According to a report by Bloomberg, Wells Fargo & Co. has received federal approval for a $1 billion settlement in a shareholder lawsuit concerning unauthorized customer accounts. However, U.S. District Judge Jennifer L. Rochon greenlit the settlement after a hearing in New York, bringing the bank’s total payouts for the scandal to nearly $5 billion. The lawsuit, filed in 2020, accused former CEO Tim Sloan and other executives of misleading investors and the public about the bank’s regulatory interactions following a 2016 scandal.
The settlement ranks among the six largest securities class-action settlements of the past decade and the 17th largest of all time. Proceeds from the settlement will benefit investors who purchased Wells Fargo stock between February 2, 2018, and March 12, 2020. This comes after Wells Fargo had already agreed to pay $800 million in two separate lawsuits and $3 billion to resolve U.S. investigations into the scandal.
Criminal charges and penalties for former executive
Carrie L. Tolstedt, the former head of retail banking at Wells Fargo, is the only executive criminally charged in relation to the scandal, Cryptopolitan reported. Prosecutors have recommended a one-year prison sentence for Tolstedt for obstructing an investigation into the bank’s notorious fake accounts scandal. Tolstedt had pleaded guilty in May and agreed to a ban from the banking industry and a $17 million penalty. Her sentencing is scheduled for September 15.

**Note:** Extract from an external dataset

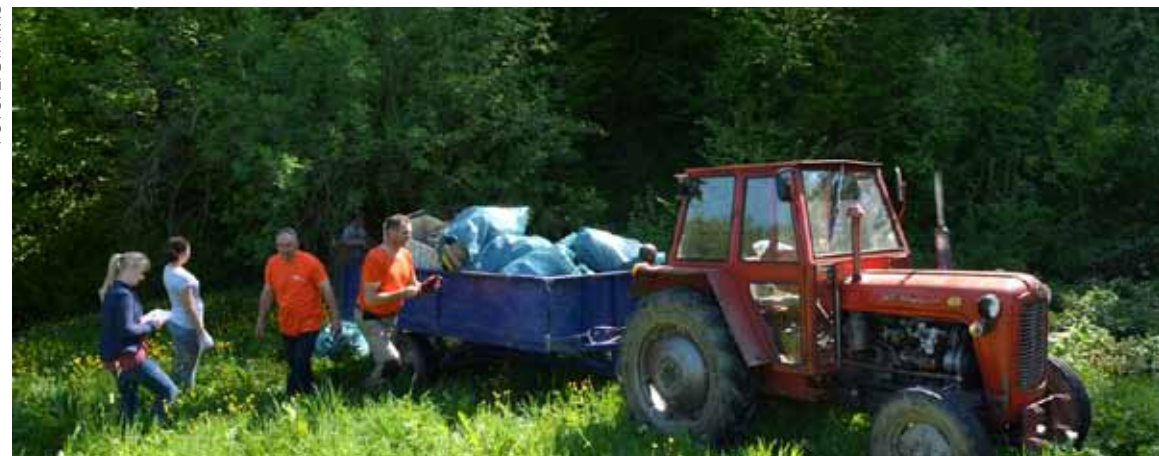
Smeće se ručno izvlačilo iz šuma i tovarilo na traktor

MJESNI ODBOR IVANEČKI VRHOVEC Gomila glomaznog otpada u predjelu Topolje

Between 2002 and 2016, Wells Fargo employees opened approximately two million unauthorized deposit and credit card accounts, leading to $3 billion in penalties and a tarnished reputation for the bank. Tolstedt was accused of hindering the Office of the Comptroller of the Currency’s examination by failing to disclose crucial statistics and information. Federal prosecutors argued that a lenient sentence would not reflect the gravity
of her actions and emphasized the need for severe consequences to deter future corporate misconduct. Tolstedt’s legal team has yet to respond to the prosecutors’ recommendation but will have an opportunity to present their case at the upcoming sentencing hearing.
Wells Fargo’s path to redemption
Since the scandal broke, Wells Fargo has undergone significant changes, including reforming its compensation practices and replacing its chief executive twice. The latest CEO, Charlie Scharf, has indicated plans for substantial changes to regain the trust of regulators and the public. The bank’s efforts to resolve the scandal and make amends have been extensive, but the recent settlement and pending sentencing of Tolstedt serve as reminders of the long road ahead for full corporate rehabilitation.
In summary, the approval of Wells Fargo’s $1 billion settlement marks a significant chapter in the bank’s ongoing efforts to resolve one of the most significant banking scandals in modern history. The settlement will benefit a class of shareholders and adds to the bank’s growing list of financial penalties related to the scandal. Meanwhile, the criminal charges against former executive Carrie L. Tolstedt highlight the personal accountability that can come with corporate malfeasance. As Wells Fargo continues its path to redemption, these developments serve as cautionary tales for the banking industry at large, emphasizing the high stakes involved in corporate governance and regulatory compliance.